* [Records for the task]
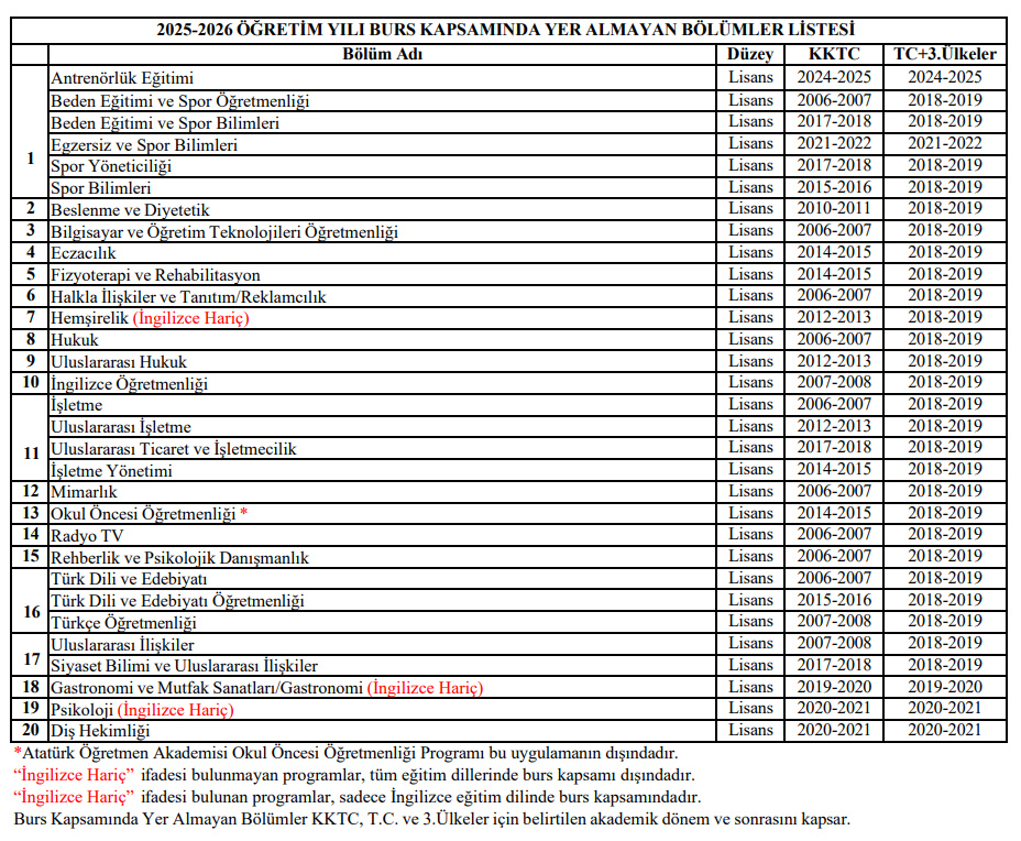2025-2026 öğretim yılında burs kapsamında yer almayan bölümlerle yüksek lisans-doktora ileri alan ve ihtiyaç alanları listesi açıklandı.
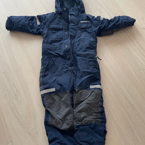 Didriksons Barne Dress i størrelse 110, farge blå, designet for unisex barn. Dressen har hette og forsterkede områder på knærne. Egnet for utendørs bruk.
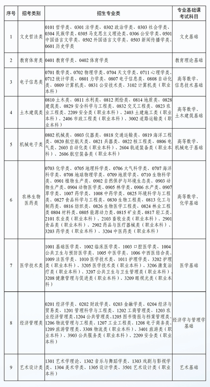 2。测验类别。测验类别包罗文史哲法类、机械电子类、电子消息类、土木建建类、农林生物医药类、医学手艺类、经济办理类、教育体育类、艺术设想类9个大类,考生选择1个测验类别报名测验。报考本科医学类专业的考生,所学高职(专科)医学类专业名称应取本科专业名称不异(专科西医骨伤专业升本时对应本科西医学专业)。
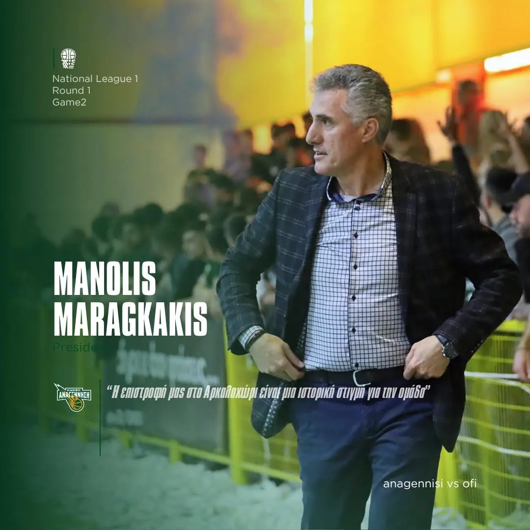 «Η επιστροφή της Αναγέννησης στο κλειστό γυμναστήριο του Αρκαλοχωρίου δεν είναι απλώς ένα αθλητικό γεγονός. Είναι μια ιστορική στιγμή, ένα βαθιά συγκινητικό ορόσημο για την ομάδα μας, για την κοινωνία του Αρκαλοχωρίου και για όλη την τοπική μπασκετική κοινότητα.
* * *
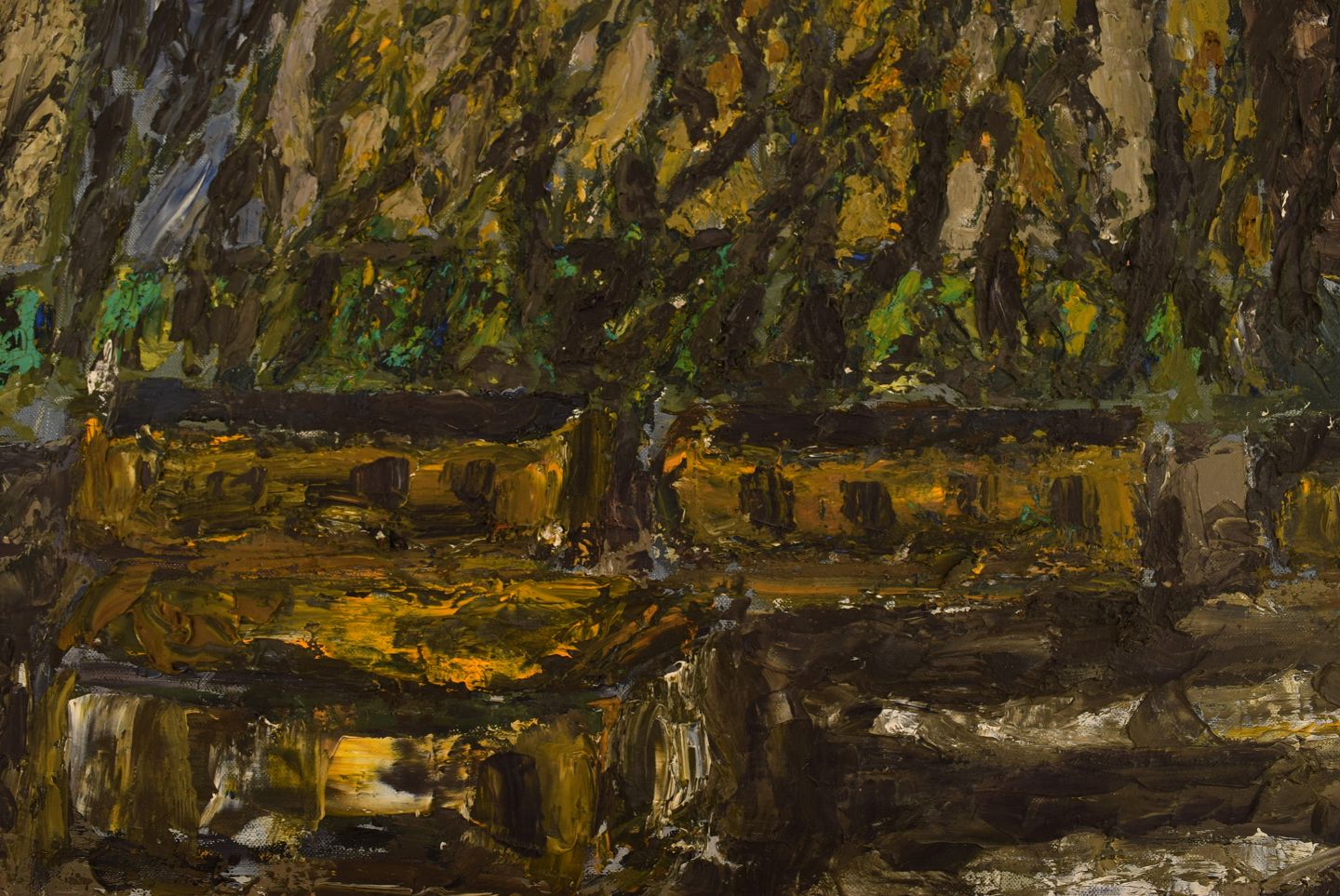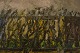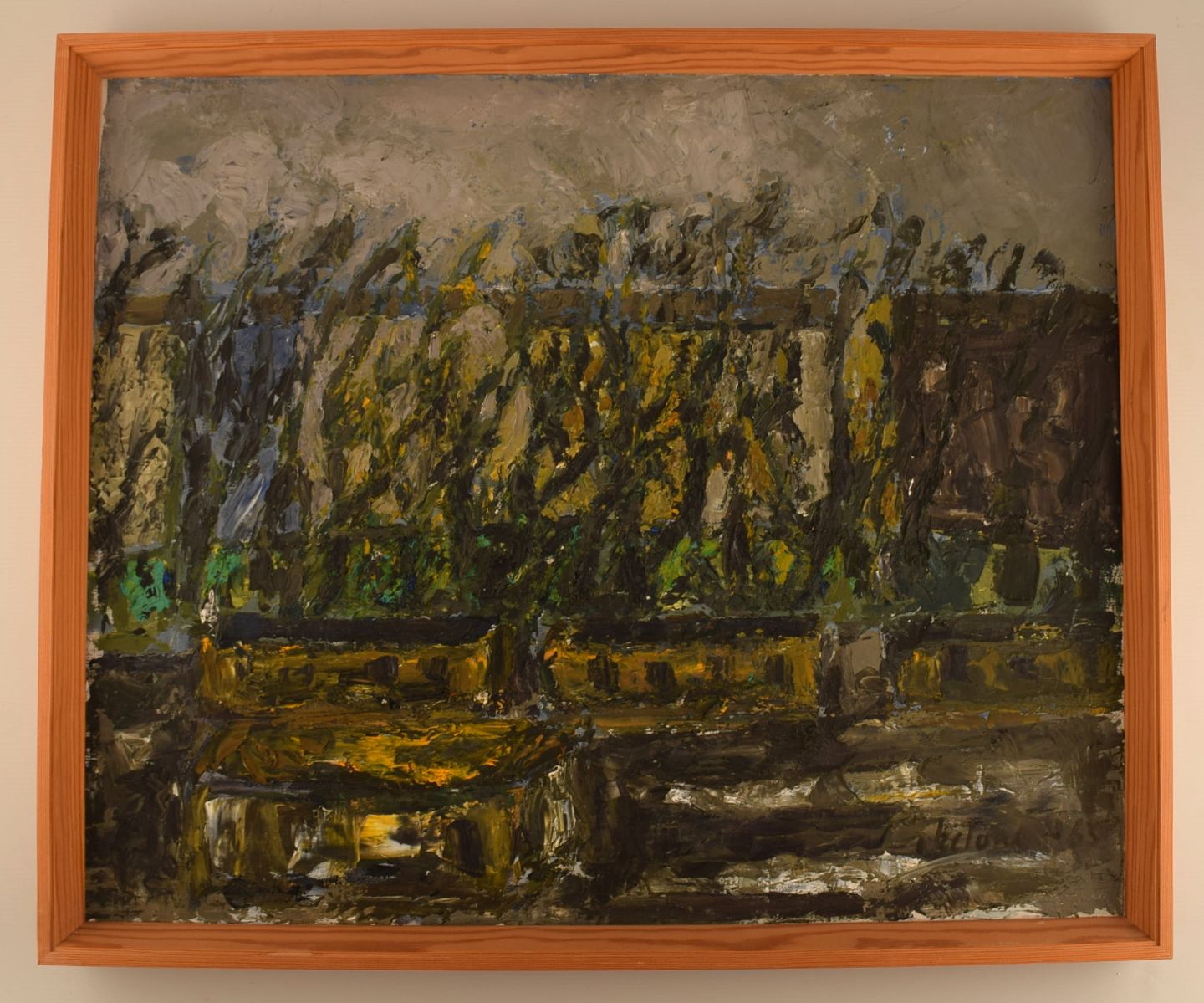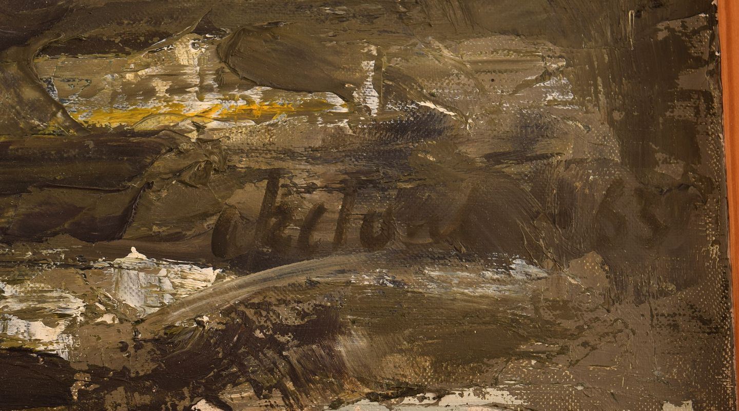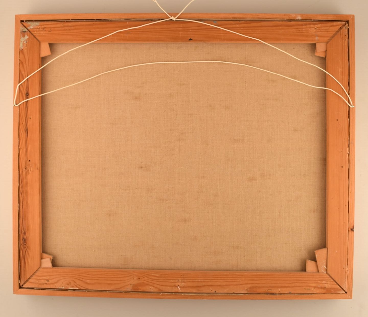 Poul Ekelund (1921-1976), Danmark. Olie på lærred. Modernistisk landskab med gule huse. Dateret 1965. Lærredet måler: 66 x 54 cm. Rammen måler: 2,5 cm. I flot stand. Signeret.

* [Task directions] Find the line with "Didriksons Barne Dress" in the entries above. Set down exactly every line from it up to and including the line with "τοπική μπασκετική κοινότητα.", images excluded.

* [Your response]
 Didriksons Barne Dress i størrelse 110, farge blå, designet for unisex barn. Dressen har hette og forsterkede områder på knærne. Egnet for utendørs bruk.
 2。测验类别。测验类别包罗文史哲法类、机械电子类、电子消息类、土木建建类、农林生物医药类、医学手艺类、经济办理类、教育体育类、艺术设想类9个大类,考生选择1个测验类别报名测验。报考本科医学类专业的考生,所学高职(专科)医学类专业名称应取本科专业名称不异(专科西医骨伤专业升本时对应本科西医学专业)。
 «Η επιστροφή της Αναγέννησης στο κλειστό γυμναστήριο του Αρκαλοχωρίου δεν είναι απλώς ένα αθλητικό γεγονός. Είναι μια ιστορική στιγμή, ένα βαθιά συγκινητικό ορόσημο για την ομάδα μας, για την κοινωνία του Αρκαλοχωρίου και για όλη την τοπική μπασκετική κοινότητα.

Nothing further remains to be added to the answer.